» What to produce
Print every line below exactly as written, but leave the pictures behind.
_ _ _ _
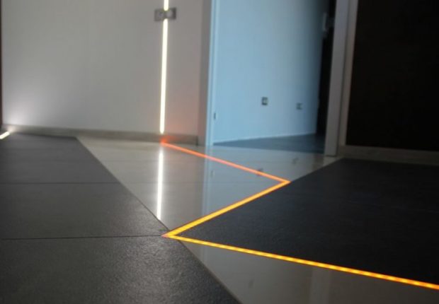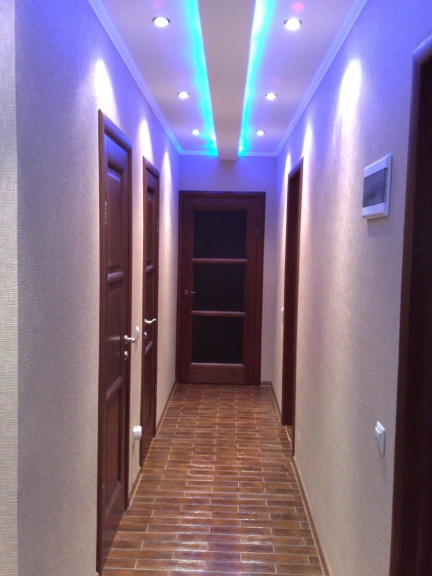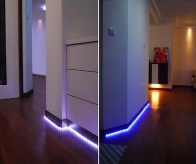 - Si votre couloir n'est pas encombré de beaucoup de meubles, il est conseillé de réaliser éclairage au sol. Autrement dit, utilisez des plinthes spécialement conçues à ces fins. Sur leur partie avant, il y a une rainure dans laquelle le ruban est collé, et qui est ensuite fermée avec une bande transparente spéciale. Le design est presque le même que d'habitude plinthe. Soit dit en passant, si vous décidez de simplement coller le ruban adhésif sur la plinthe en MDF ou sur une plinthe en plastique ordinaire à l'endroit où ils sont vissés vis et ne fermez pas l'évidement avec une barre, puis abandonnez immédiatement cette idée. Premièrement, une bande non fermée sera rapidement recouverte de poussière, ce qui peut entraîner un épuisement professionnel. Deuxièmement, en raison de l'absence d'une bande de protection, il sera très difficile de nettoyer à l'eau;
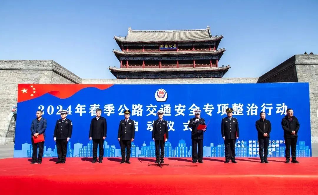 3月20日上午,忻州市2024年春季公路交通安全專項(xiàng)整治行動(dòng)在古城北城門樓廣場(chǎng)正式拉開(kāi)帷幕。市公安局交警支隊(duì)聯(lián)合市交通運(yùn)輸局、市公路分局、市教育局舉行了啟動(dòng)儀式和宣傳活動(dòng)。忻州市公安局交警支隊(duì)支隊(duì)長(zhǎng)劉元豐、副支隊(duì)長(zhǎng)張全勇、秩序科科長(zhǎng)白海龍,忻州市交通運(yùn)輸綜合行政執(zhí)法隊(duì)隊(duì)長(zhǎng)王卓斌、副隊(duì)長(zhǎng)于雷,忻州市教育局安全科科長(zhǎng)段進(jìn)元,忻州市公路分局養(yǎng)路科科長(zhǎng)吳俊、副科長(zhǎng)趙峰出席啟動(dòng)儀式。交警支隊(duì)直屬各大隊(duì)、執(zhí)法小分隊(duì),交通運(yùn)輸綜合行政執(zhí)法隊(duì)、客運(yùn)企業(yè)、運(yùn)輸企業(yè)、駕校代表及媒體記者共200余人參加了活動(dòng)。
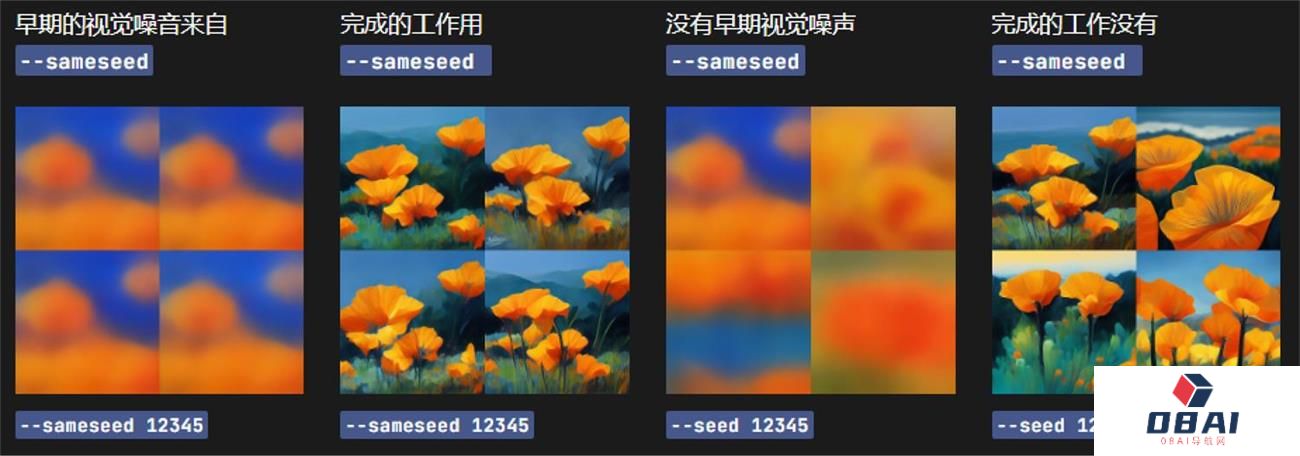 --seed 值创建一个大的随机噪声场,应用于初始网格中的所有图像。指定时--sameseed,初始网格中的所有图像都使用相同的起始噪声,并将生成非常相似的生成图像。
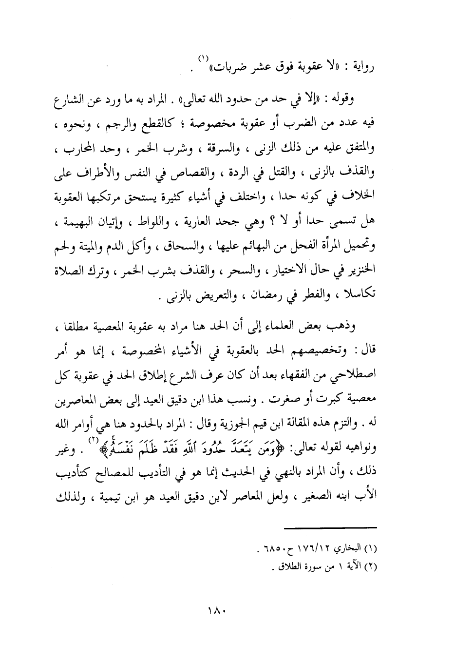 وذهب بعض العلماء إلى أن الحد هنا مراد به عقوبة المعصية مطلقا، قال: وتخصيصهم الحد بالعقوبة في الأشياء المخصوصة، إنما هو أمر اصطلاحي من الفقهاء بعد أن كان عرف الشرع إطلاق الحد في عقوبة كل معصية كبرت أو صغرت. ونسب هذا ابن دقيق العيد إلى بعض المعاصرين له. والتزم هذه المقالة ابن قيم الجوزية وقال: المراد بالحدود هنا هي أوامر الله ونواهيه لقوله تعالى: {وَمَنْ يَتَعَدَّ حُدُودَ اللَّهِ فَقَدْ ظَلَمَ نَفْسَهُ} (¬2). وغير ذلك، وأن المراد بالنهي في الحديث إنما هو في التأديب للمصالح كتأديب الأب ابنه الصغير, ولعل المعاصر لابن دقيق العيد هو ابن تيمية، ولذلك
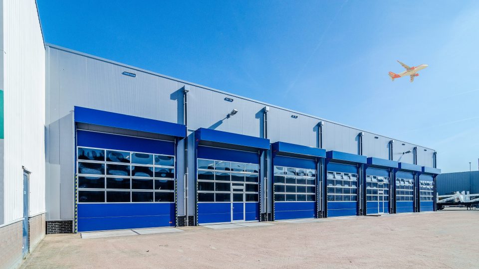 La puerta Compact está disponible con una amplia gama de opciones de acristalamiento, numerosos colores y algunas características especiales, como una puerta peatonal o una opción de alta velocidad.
_ _ _ _
» Exercise result
 - Si votre couloir n'est pas encombré de beaucoup de meubles, il est conseillé de réaliser éclairage au sol. Autrement dit, utilisez des plinthes spécialement conçues à ces fins. Sur leur partie avant, il y a une rainure dans laquelle le ruban est collé, et qui est ensuite fermée avec une bande transparente spéciale. Le design est presque le même que d'habitude plinthe. Soit dit en passant, si vous décidez de simplement coller le ruban adhésif sur la plinthe en MDF ou sur une plinthe en plastique ordinaire à l'endroit où ils sont vissés vis et ne fermez pas l'évidement avec une barre, puis abandonnez immédiatement cette idée. Premièrement, une bande non fermée sera rapidement recouverte de poussière, ce qui peut entraîner un épuisement professionnel. Deuxièmement, en raison de l'absence d'une bande de protection, il sera très difficile de nettoyer à l'eau;
 3月20日上午,忻州市2024年春季公路交通安全專項(xiàng)整治行動(dòng)在古城北城門樓廣場(chǎng)正式拉開(kāi)帷幕。市公安局交警支隊(duì)聯(lián)合市交通運(yùn)輸局、市公路分局、市教育局舉行了啟動(dòng)儀式和宣傳活動(dòng)。忻州市公安局交警支隊(duì)支隊(duì)長(zhǎng)劉元豐、副支隊(duì)長(zhǎng)張全勇、秩序科科長(zhǎng)白海龍,忻州市交通運(yùn)輸綜合行政執(zhí)法隊(duì)隊(duì)長(zhǎng)王卓斌、副隊(duì)長(zhǎng)于雷,忻州市教育局安全科科長(zhǎng)段進(jìn)元,忻州市公路分局養(yǎng)路科科長(zhǎng)吳俊、副科長(zhǎng)趙峰出席啟動(dòng)儀式。交警支隊(duì)直屬各大隊(duì)、執(zhí)法小分隊(duì),交通運(yùn)輸綜合行政執(zhí)法隊(duì)、客運(yùn)企業(yè)、運(yùn)輸企業(yè)、駕校代表及媒體記者共200余人參加了活動(dòng)。
 --seed 值创建一个大的随机噪声场,应用于初始网格中的所有图像。指定时--sameseed,初始网格中的所有图像都使用相同的起始噪声,并将生成非常相似的生成图像。
 وذهب بعض العلماء إلى أن الحد هنا مراد به عقوبة المعصية مطلقا، قال: وتخصيصهم الحد بالعقوبة في الأشياء المخصوصة، إنما هو أمر اصطلاحي من الفقهاء بعد أن كان عرف الشرع إطلاق الحد في عقوبة كل معصية كبرت أو صغرت. ونسب هذا ابن دقيق العيد إلى بعض المعاصرين له. والتزم هذه المقالة ابن قيم الجوزية وقال: المراد بالحدود هنا هي أوامر الله ونواهيه لقوله تعالى: {وَمَنْ يَتَعَدَّ حُدُودَ اللَّهِ فَقَدْ ظَلَمَ نَفْسَهُ} (¬2). وغير ذلك، وأن المراد بالنهي في الحديث إنما هو في التأديب للمصالح كتأديب الأب ابنه الصغير, ولعل المعاصر لابن دقيق العيد هو ابن تيمية، ولذلك
 La puerta Compact está disponible con una amplia gama de opciones de acristalamiento, numerosos colores y algunas características especiales, como una puerta peatonal o una opción de alta velocidad.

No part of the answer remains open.